◆ **WHAT YOU NEED TO DO**: So that the copy stays text only, transcribe the data below exactly and exclude the images.

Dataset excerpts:
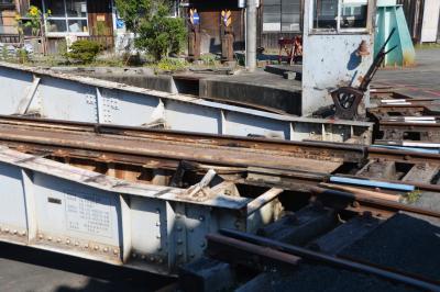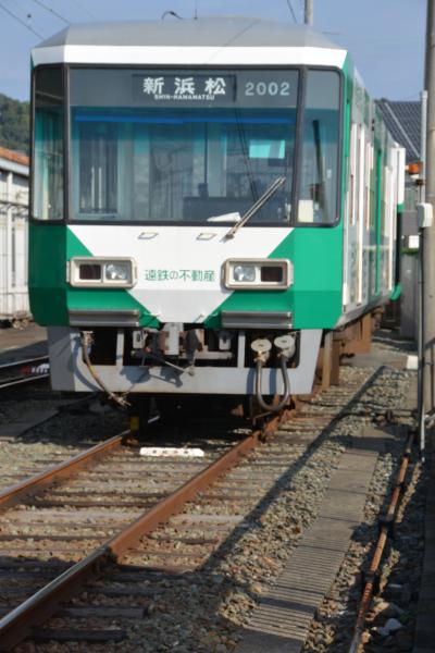 下り線ホームに入線した掛川方面からの列車に11時半に乗車。駅構内を上り方向へ走り始めました・・・が、一時停止。運転士さんが逆方向の運転台へ走って行ったかと思うとまたもや下り方向へ動き始めました。車庫へとつながるレールの方へ分岐を渡って行きます。プチ興奮の瞬間です。
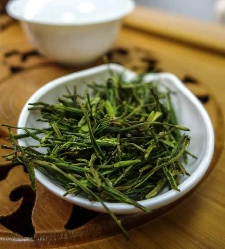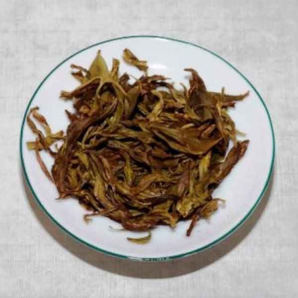 Чай этот начинают собирать каждый год в конце мая, берут 2 или 3 листа. Цвет зелёный, с розовыми вкраплениями, послевкусие очень многогранное и впечатляющее. Выделанный лист по цвету бежевый с молочно-белыми проявлениями. Цвет настоя оранжево-жёлтый блестящий, попадая в рот, вкус остаётся на зубах и щеках, дух очищается, взор проясняется.
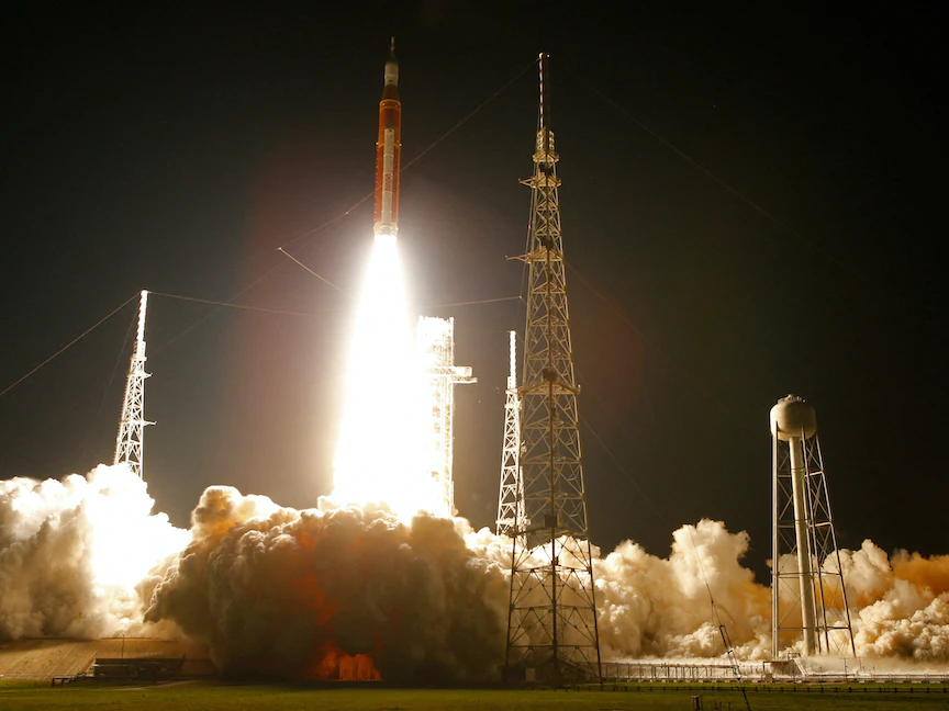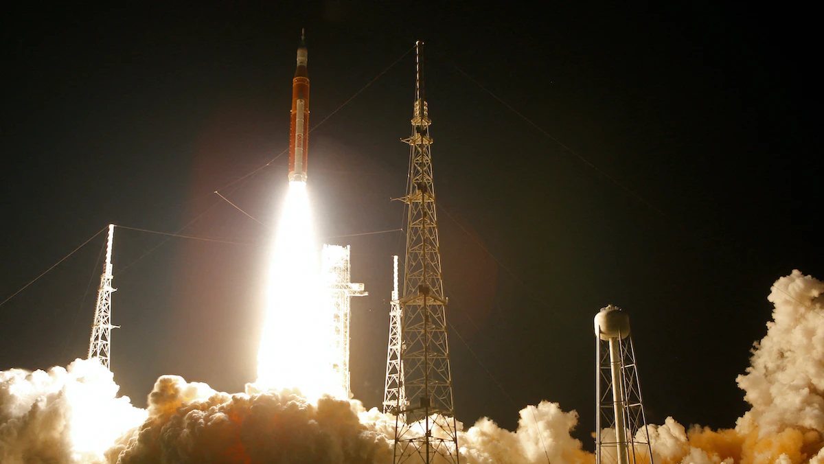 وانطلقت "أوريون" في 16 نوفمبر من مركز كينيدي للفضاء في كيب كنافيرال بولاية فلوريدا، على قمة صاروخ (نظام الإطلاق الفضائي)، وهو صاروخ من الجيل الثاني شاهق الارتفاع تابع لـ"ناسا"، وهو الآن أقوى صاروخ في العالم والأكبر الذي تصنعه "ناسا" منذ الصاروخ "ساتورن 5" خلال حقبة مهمات "أبولو".
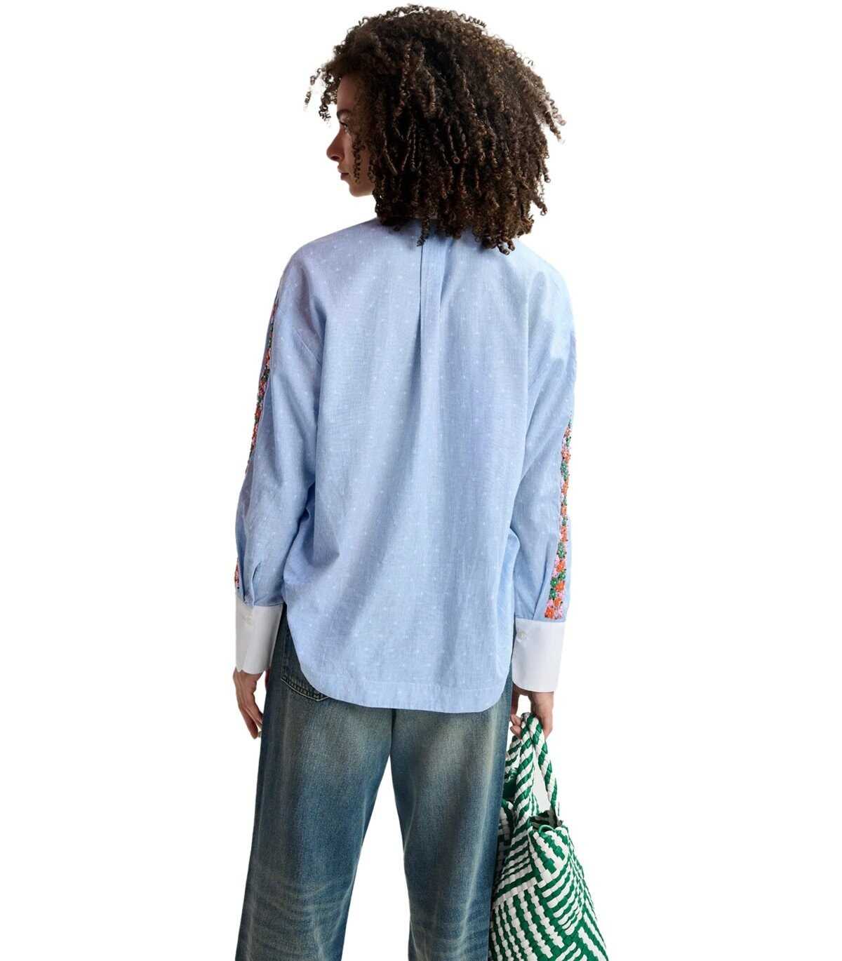 Harkle shirt by Essentiel Antwerp, made of cotton poplin, in shades of blue and white. Characterized by lightweight and non-stretch fabric, it features a button closure. Finished with embroidered details and flower-shaped beads along the long sleeves, it has dropped shoulders and a chest pocket. Equipped with a pointed preppy collar and classic cuffs with button closure. Rounded hem and longer hem at the back. Oversized fit.
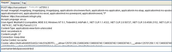 Now we launch our application and the proxy captures all the requests/responses to and from the server [Fig-7]. Now while the proxy can intercept the request/responses, the application can be tested as per normal web application penetration techniques to uncover issues like, authentication, authorization, injection flaws, etc…
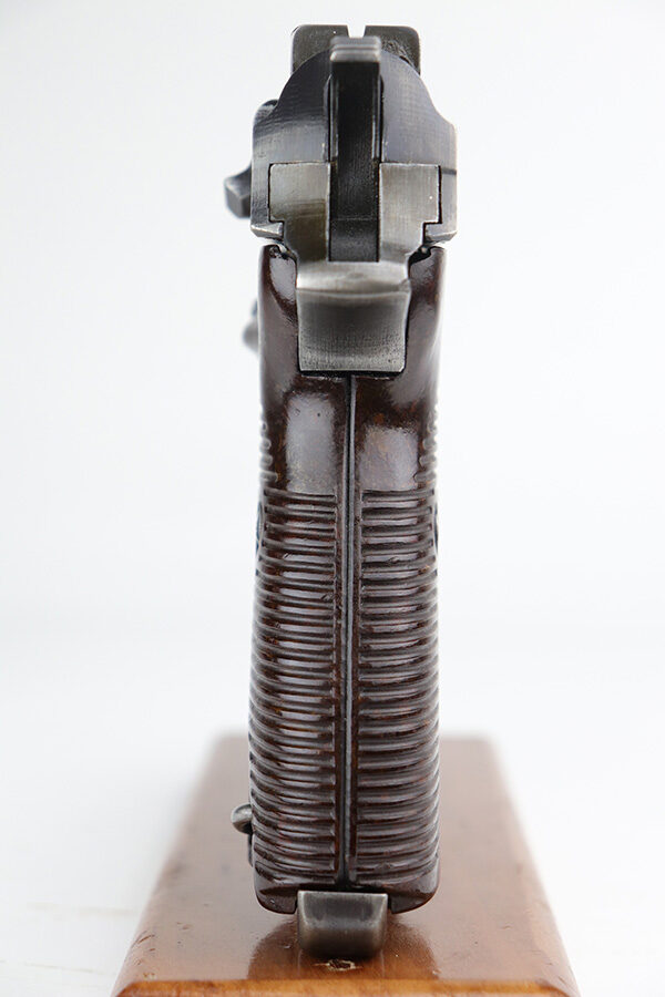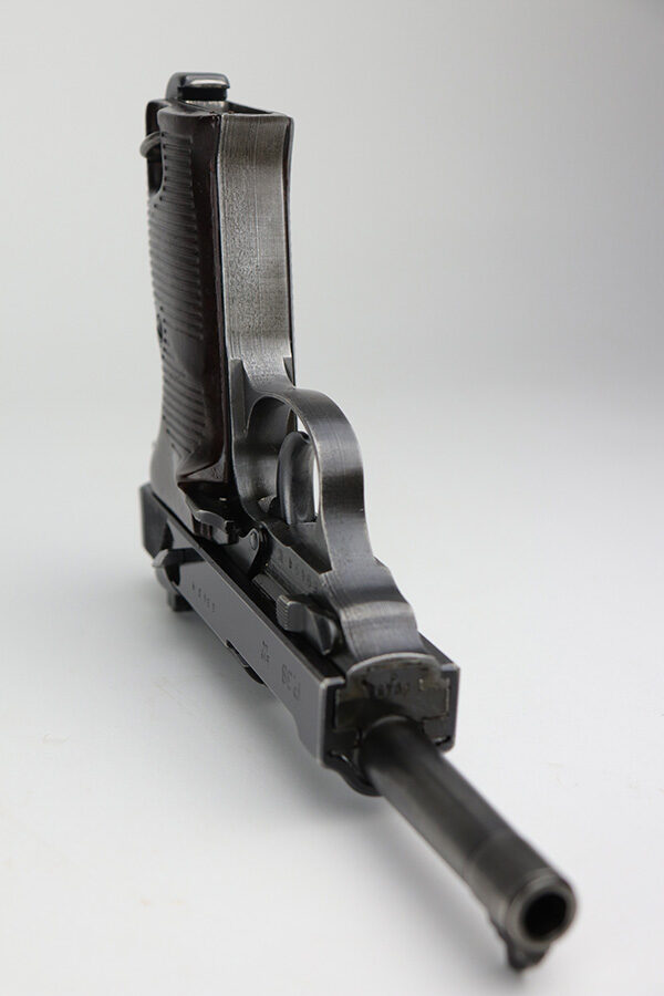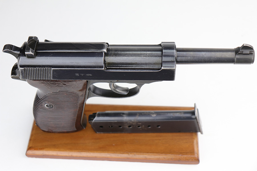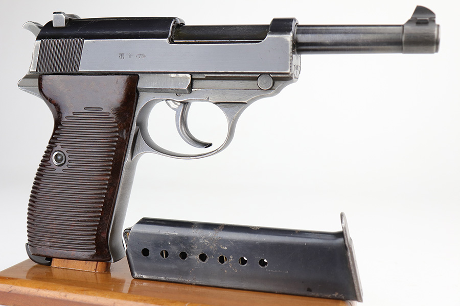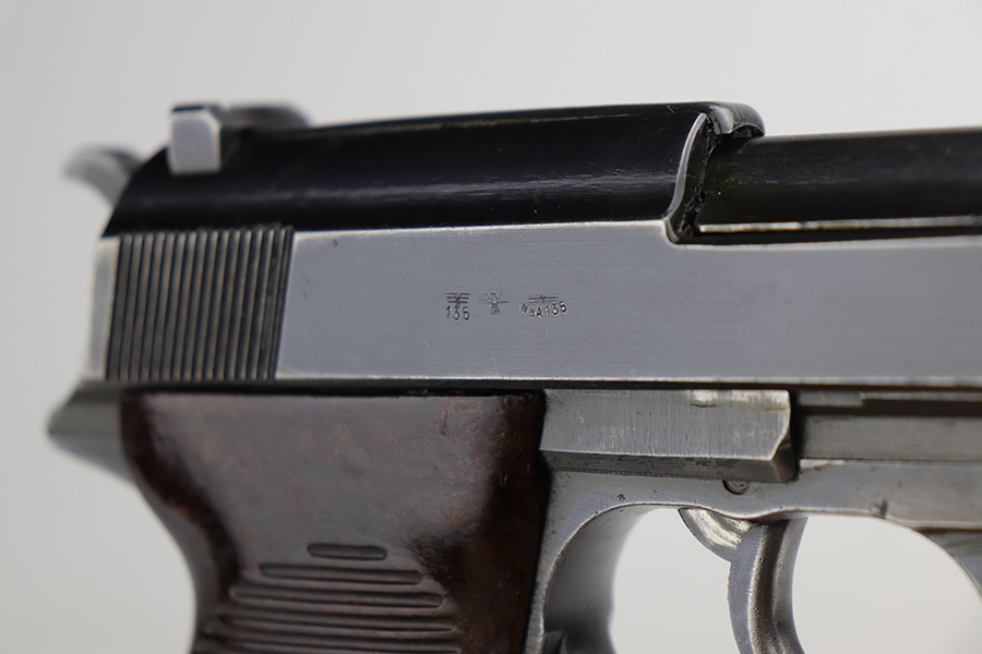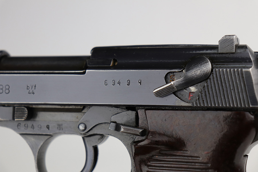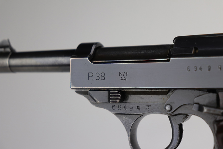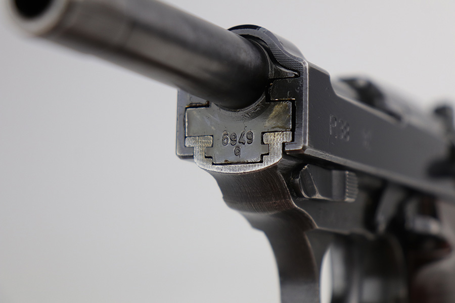 9/10/21 – This is a very nice example of a scarce Mauser P.38 issued to the Nazi military in 1944. It is all matching and has mixed Nazi military proofs on the right side of the slide “Eagle 135” and “Waffen Eagle 135”. It is in the correct “q” serial block for this variation. It has retained about 92% of its original finish. Most of the wear is on the front strap, but there is also minor thinning on the barrel and very minor wear on the high edges of the slide and around the muzzle. Comes with excellent reddish grips and a period-correct Mauser magazine. Excellent shiny bore with strong rifling and areas of very minor freckling here and there. De-cocker is functional.
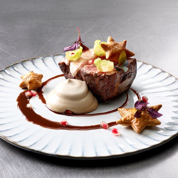 Côte couverte de bœuf Simmentaler / Panais / Levure cuite au four / Jus d'échalotes
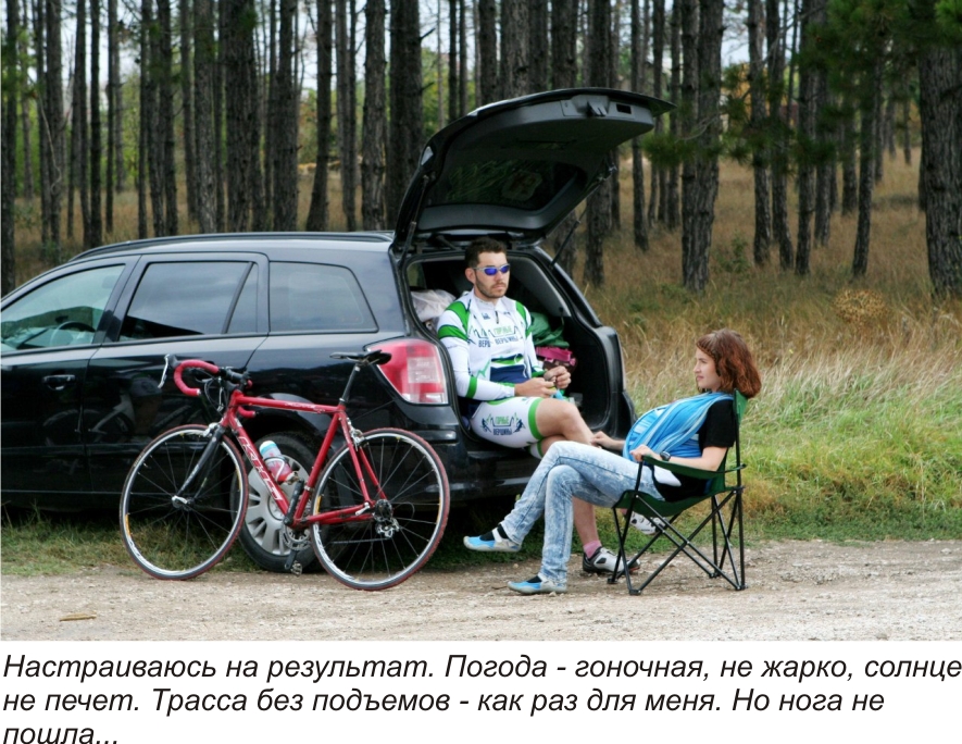 Старт. Поехал мощно, но плавно. Сместился на самый кончик седла, руль держу локтями. Кручу тяжеленькую. Но все вот как-то не поймать то чувство, когда ты реально крутишь солидную передачу и едешь быстро. Вот нету ощущения скорости. Тяжело, посадка низкая. А еду медленно. И, через минут пять-семь нарисовалось подтверждение моим опасениям грузный гонщик на разделочном шоссере догоняет и уходит вдаль. То есть он отыграл минуту со старта и привезет еще. При том, что в генерале он сзади меня. То есть далеко не силач. Но делать нечего, еду, терплю. Добавить пытаюсь, но не получается. Тогда, в 2009м в Тосно я начинал на пульсе 175, после разворота поднял до 180 и дальше плавно поднимал до максимума, выложившись на финише на 110%. Сейчас такого даже близко нет. Повышаешь темп силы начинают стремительно заканчиваться. Только под самый финиш удалось слегка приподнять скорость. И все равно я был уверен, что обгоню Бережного. Но через некоторое время, посмотрев на судейские записки, меня ждало разочарование Саше я слил полминуты. Все. Гонка закончена на минорной для меня ноте. Удалось, правда сфотографироваться и подержать за руку легендарного Джамолидина .
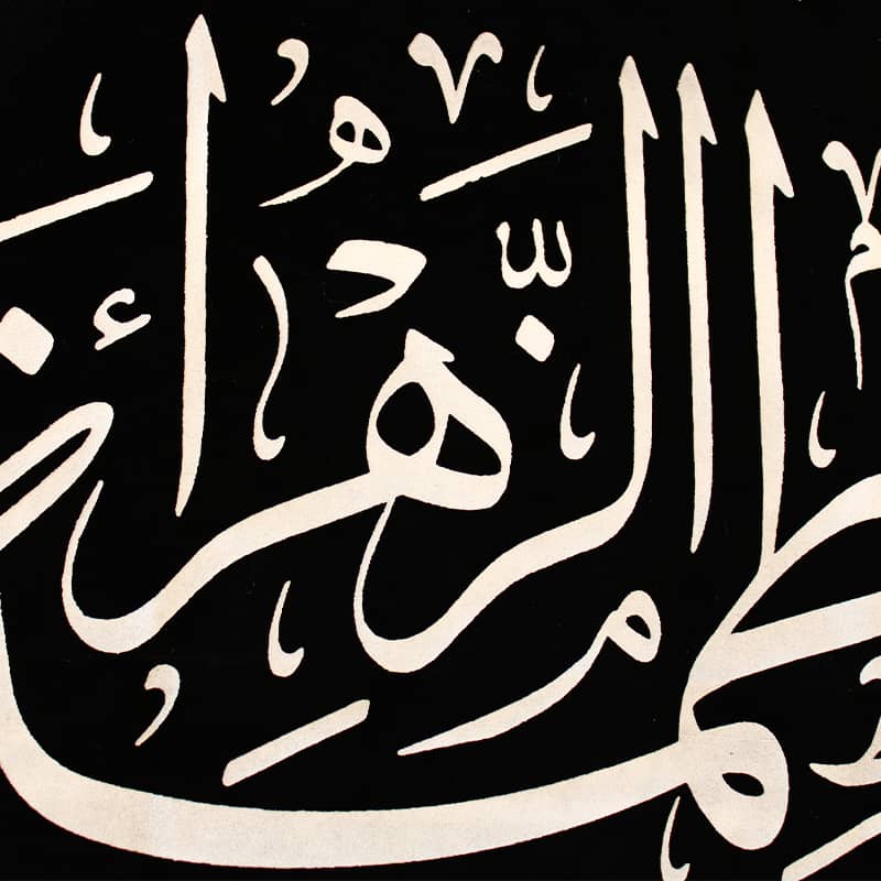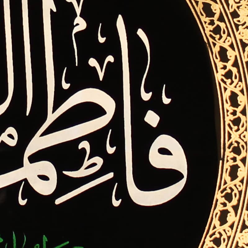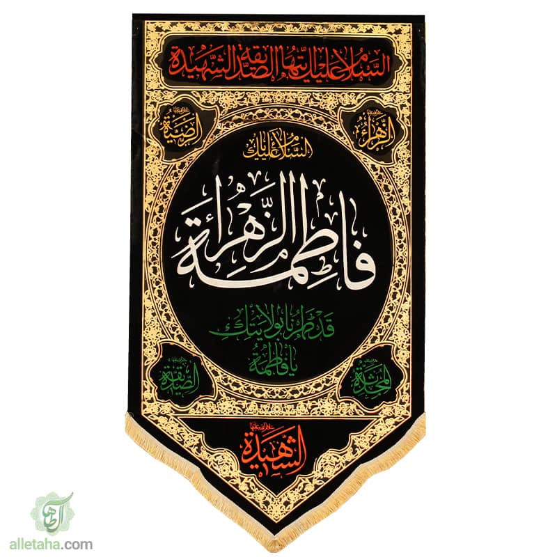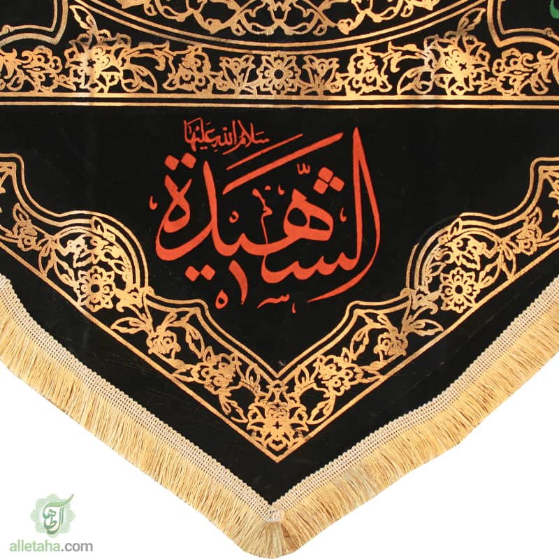در قسمت بالای این پرچم ، ذکر ” السلام علیک ایتها الصدیقه الشهیده” با رنگ نارنجی به چشم می خورد.

◆ **YOUR SOLUTION**:
 下り線ホームに入線した掛川方面からの列車に11時半に乗車。駅構内を上り方向へ走り始めました・・・が、一時停止。運転士さんが逆方向の運転台へ走って行ったかと思うとまたもや下り方向へ動き始めました。車庫へとつながるレールの方へ分岐を渡って行きます。プチ興奮の瞬間です。
 Чай этот начинают собирать каждый год в конце мая, берут 2 или 3 листа. Цвет зелёный, с розовыми вкраплениями, послевкусие очень многогранное и впечатляющее. Выделанный лист по цвету бежевый с молочно-белыми проявлениями. Цвет настоя оранжево-жёлтый блестящий, попадая в рот, вкус остаётся на зубах и щеках, дух очищается, взор проясняется.
 وانطلقت "أوريون" في 16 نوفمبر من مركز كينيدي للفضاء في كيب كنافيرال بولاية فلوريدا، على قمة صاروخ (نظام الإطلاق الفضائي)، وهو صاروخ من الجيل الثاني شاهق الارتفاع تابع لـ"ناسا"، وهو الآن أقوى صاروخ في العالم والأكبر الذي تصنعه "ناسا" منذ الصاروخ "ساتورن 5" خلال حقبة مهمات "أبولو".
 Harkle shirt by Essentiel Antwerp, made of cotton poplin, in shades of blue and white. Characterized by lightweight and non-stretch fabric, it features a button closure. Finished with embroidered details and flower-shaped beads along the long sleeves, it has dropped shoulders and a chest pocket. Equipped with a pointed preppy collar and classic cuffs with button closure. Rounded hem and longer hem at the back. Oversized fit.
 Now we launch our application and the proxy captures all the requests/responses to and from the server [Fig-7]. Now while the proxy can intercept the request/responses, the application can be tested as per normal web application penetration techniques to uncover issues like, authentication, authorization, injection flaws, etc…
 9/10/21 – This is a very nice example of a scarce Mauser P.38 issued to the Nazi military in 1944. It is all matching and has mixed Nazi military proofs on the right side of the slide “Eagle 135” and “Waffen Eagle 135”. It is in the correct “q” serial block for this variation. It has retained about 92% of its original finish. Most of the wear is on the front strap, but there is also minor thinning on the barrel and very minor wear on the high edges of the slide and around the muzzle. Comes with excellent reddish grips and a period-correct Mauser magazine. Excellent shiny bore with strong rifling and areas of very minor freckling here and there. De-cocker is functional.
 Côte couverte de bœuf Simmentaler / Panais / Levure cuite au four / Jus d'échalotes
 Старт. Поехал мощно, но плавно. Сместился на самый кончик седла, руль держу локтями. Кручу тяжеленькую. Но все вот как-то не поймать то чувство, когда ты реально крутишь солидную передачу и едешь быстро. Вот нету ощущения скорости. Тяжело, посадка низкая. А еду медленно. И, через минут пять-семь нарисовалось подтверждение моим опасениям грузный гонщик на разделочном шоссере догоняет и уходит вдаль. То есть он отыграл минуту со старта и привезет еще. При том, что в генерале он сзади меня. То есть далеко не силач. Но делать нечего, еду, терплю. Добавить пытаюсь, но не получается. Тогда, в 2009м в Тосно я начинал на пульсе 175, после разворота поднял до 180 и дальше плавно поднимал до максимума, выложившись на финише на 110%. Сейчас такого даже близко нет. Повышаешь темп силы начинают стремительно заканчиваться. Только под самый финиш удалось слегка приподнять скорость. И все равно я был уверен, что обгоню Бережного. Но через некоторое время, посмотрев на судейские записки, меня ждало разочарование Саше я слил полминуты. Все. Гонка закончена на минорной для меня ноте. Удалось, правда сфотографироваться и подержать за руку легендарного Джамолидина .
در قسمت بالای این پرچم ، ذکر ” السلام علیک ایتها الصدیقه الشهیده” با رنگ نارنجی به چشم می خورد.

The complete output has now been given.